The divergent hallux of A. ramidus (ARA-VP-6/500)34 clearly differs from the comparatively more adducted, less mobile, hallux of A. afarensis, principally based on the morphology of the medial cuneiform (A.L. 333-28) and its articular relationship with the MT1 (A.L. 333-54). The MT1s assigned to A. ramidus from Aramis (ARA-VP-6/500-089)34 and As Duma (GWM67/P2k)35 display paired articular facets on the dorsal side of the bone divided by what Lovejoy et al.34 refer to as a nonsubchondral isthmus (Extended Data Fig. 9).

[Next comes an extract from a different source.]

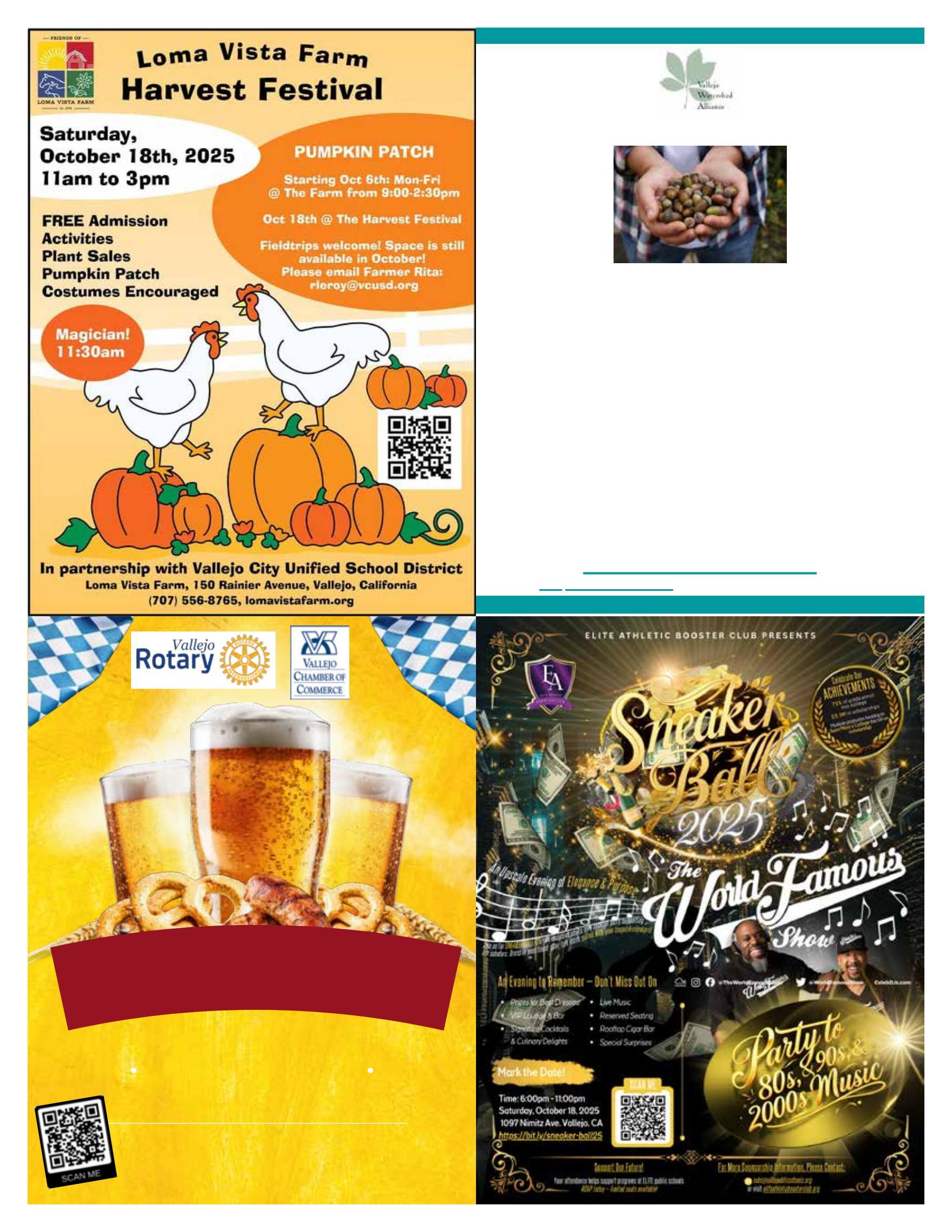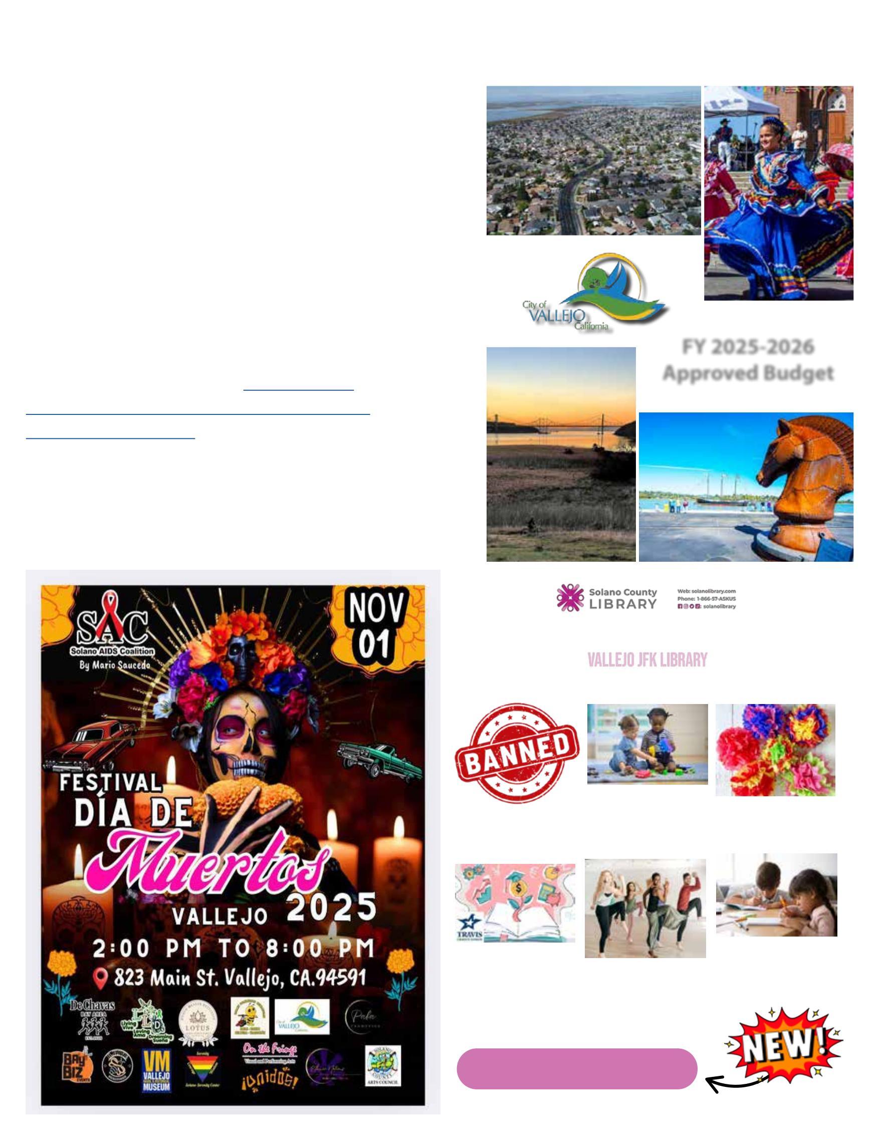 Porúltimo,nosepierdanmañanaelPaseoArtísticoporelCentro deVallejo,queincluiráunacelebraciónespecialdelosPueblos Indígenas.Yelsábado,laNAACPorganizaráunafiestacomunitariaen lacalle;encontraránmásdetallesenlaspáginassiguientes.

The expression of this MT1 head articular surface variation is hypothesized to reflect a divergent hallux as observed among extant African apes with arboreal foot-grasping adaptations34. Although there are subtle differences between the MT1 heads of the Aramis and As Duma specimens, including slightly increased dorsal doming in the latter, the BRT MT1 head is derived towards later hominins in lacking a nonsubchondral isthmus combined with mild dorsal doming and a more mediolaterally continuous MT1 head contour that bears resemblance to StW 595 (A. africanus) from Sterkfontein8. The MT2 of the BRT foot is also morphologically similar to StW 89 (refs. 2,32), another presumed A. africanus specimen from Sterkfontein. A multivariate analysis of 16 MT1 and fourth proximal phalanx (PP4) variables preserved across the partial feet of early hominins demonstrates that the A. afarensis (A.L. 333-115) and the BRT foot are both derived in the direction of modern humans relative to A. ramidus (ARA-VP-6/500). The placement of the BRT foot in the multivariate analysis is consistent with our observations of its more derived MT1 morphology than A. ramidus (Fig. 5).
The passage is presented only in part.